Initially intriguing, the film becomes more problematic as it goes on, both morally and cinematically. By “flirty fishing” for men who have done little if anything wrong, and then punishing them, Julia has moved from abused to abuser, and the movie doesn’t succeed in bringing the audience over the line with her, and any sympathy for her is largely lost as a result, well before she ever gets round to confronting those actually responsible for the attack. Nor does the film appear to know what to do once it gets there, suddenly shifting focus so that Dr.
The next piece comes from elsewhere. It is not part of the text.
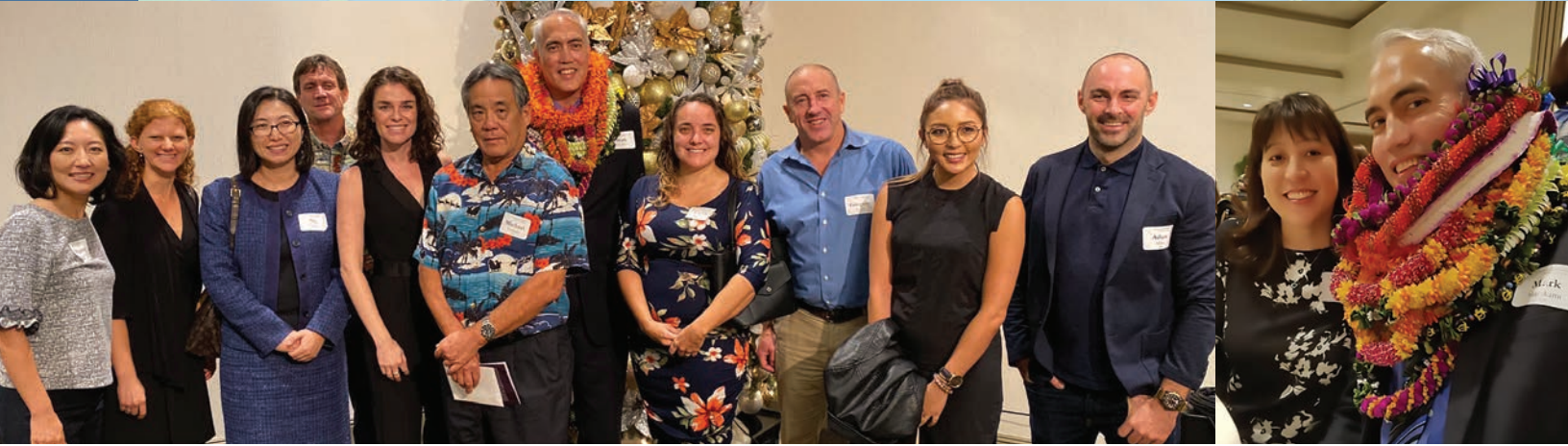
The proud alumni of the University of Hawaii's William S. Richardson School of Law.

Sgundud becomes the Big Bad, though we know little about him or his background, beyond that he seems to enjoy manipulating the easily manipulated. On the plus side, the film looks luscious, depicting a New York saturated in neon and rain, like some kind of nightmarish car commercial. As the lead, Williams (previously seen on all fours in the first part of Human Centipede) is solid enough in terms of her transformation from self-harming wallflower into avenging succubus.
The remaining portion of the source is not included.